# Eye Test for Driving License



## stamboy

I got told eye tests are free for people applying for a license but today got quoted AED 150.

As it happened I couldn't get it anyhow as I didn't have my passport with me or photos. 

Anyone know where these so-called free sight tests are or is it just a myth?


----------



## Stevesolar

Hi,
Myth, as far as I know - we paid for ours!
Cheers
Steve


----------



## twowheelsgood

Myth, unless your company is paying (ours did)


----------



## asharma0001

I paid for mine too


----------



## BringBackBuck8

Paid the fee; 'eye test' took 10 seconds. 

"Sit there, look at the wall can you read the third bottom line?"

"You're fine."

No taxes in Dubai?


----------



## Frenjon

I also paid 150 AED - you can do it at most opticians.

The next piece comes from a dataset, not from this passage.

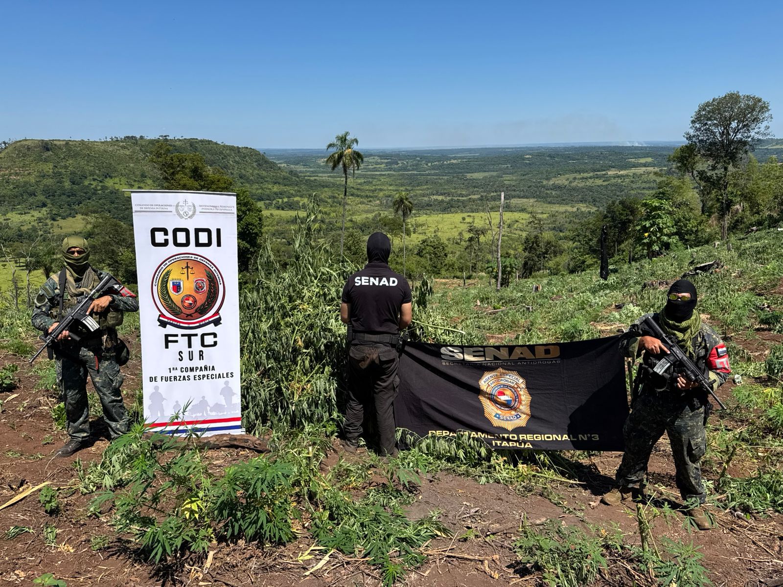 La Secretaría Nacional Antidrogas (SENAD), en coordinación con el Comando de Defensa Interna (CODI) y bajo la supervisión del Ministerio Público, llevó adelante la operación “FRENTE SUR II”, destinada a desarticular estructuras de producción ilícita de marihuana en el Parque Nacional Caazapá y la Reserva Natural San Rafael.

Mine was pretty thorough. 
Magrabi Optical in Mirdif City Centre.. 

Later I of course got SMS spam from them because they had my phone number.
Lesson learned = no need to give them your correct number, nothing is recorded from the RTA at that point.

RTA requires the "approved" eye test receipt when you go and get your UAE drivers license.


----------



## vantage

BringBackBuck8 said:


> Paid the fee; 'eye test' took 10 seconds. "Sit there, look at the wall can you read the third bottom line?" "You're fine." No taxes in Dubai?


Same here, with the added "well, your left eyes good" tick!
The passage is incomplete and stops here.